SentinelBench: A Benchmark for Long-Running Monitoring Agents
SentinelBench: A Benchmark for Long-Running Monitoring Agents
SentinelBench:用于长期监控智能体的基准测试
AI agents are increasingly asked to carry out work that spans minutes, hours, or longer. Yet the default model of agent behavior is continuous action: issuing tool calls, refreshing pages, searching for alternatives, or otherwise trying to force progress. This is the wrong approach for many long-running tasks, which are better served by a strategy of sustained attention. 人工智能智能体越来越多地被要求执行持续数分钟、数小时甚至更长时间的任务。然而,目前智能体行为的默认模式是持续行动:不断发出工具调用、刷新页面、搜索替代方案或以其他方式强行推进进度。对于许多长期任务而言,这并非最佳方案,采用“持续关注”(sustained attention)策略往往效果更好。
Instead, agents should monitor an environment, notice when an external event makes progress possible, then respond promptly without wasting resources while waiting. To measure progress on this class of tasks, we introduce SentinelBench, an open-source benchmark for time-evolving monitoring tasks. 智能体应当监控环境,在外部事件使任务推进成为可能时及时察觉,并在等待期间不浪费资源的情况下迅速做出响应。为了衡量此类任务的进展,我们推出了 SentinelBench,这是一个针对随时间演变的监控任务的开源基准测试。
SentinelBench contains 100 tasks across 10 synthetic web environments, including email, calendars, finance, professional networking, and entertainment. Each environment exposes a live web interface and replays a scripted sequence of events, requiring agents to navigate and reason about web pages whose state shifts underfoot. SentinelBench 包含涵盖 10 个合成 Web 环境的 100 项任务,涉及电子邮件、日历、金融、专业社交和娱乐等领域。每个环境都提供一个实时 Web 界面并重放脚本化的事件序列,要求智能体在状态不断变化的网页中进行导航和推理。
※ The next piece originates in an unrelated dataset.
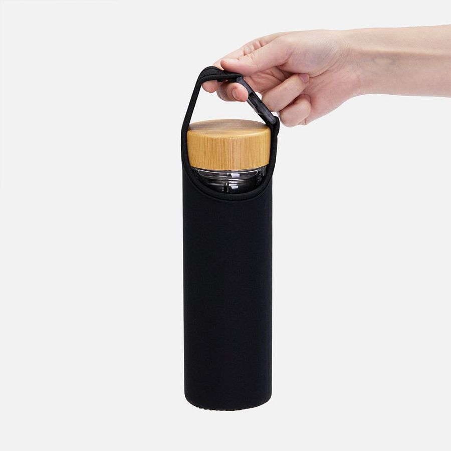бутылка - боросиликатное стекло; чехол - неопрен; ситечко - нержавеющая сталь; крышка - бамбук, пластик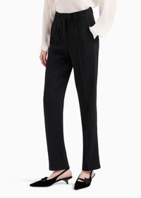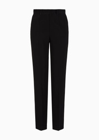 Linear-fit trousers made from stretch viscose. The pleats at the waist accentuate the streamlined fit of the leg, and combined with the fluidity of the fabric, give the piece a graceful, elegant allure. Product Code: 6D2P692NA9Z10999 Details Composition 99% Viscose 1% Elastane Stretch viscose Waist with pleats Closure with hook and back button Side pockets Back pocket with double welt and button Fitting The model is 178 cm tall and is wearing size 40/S (Italian Size)

SentinelBench measures task completion, reaction time, and resource use, exposing the tradeoff between responsiveness and cost. We report results across three models and two browser-agent harnesses, establishing performance baselines for future comparison and demonstrating how agent design choices can dramatically impact key metrics. Together, these results show that SentinelBench distinguishes meaningful differences in agent behavior. SentinelBench 通过测量任务完成度、反应时间和资源使用情况,揭示了响应速度与成本之间的权衡。我们报告了三个模型和两个浏览器智能体框架的测试结果,为未来的比较建立了性能基准,并展示了智能体的设计选择如何显著影响关键指标。总之,这些结果表明 SentinelBench 能够区分智能体行为之间的显著差异。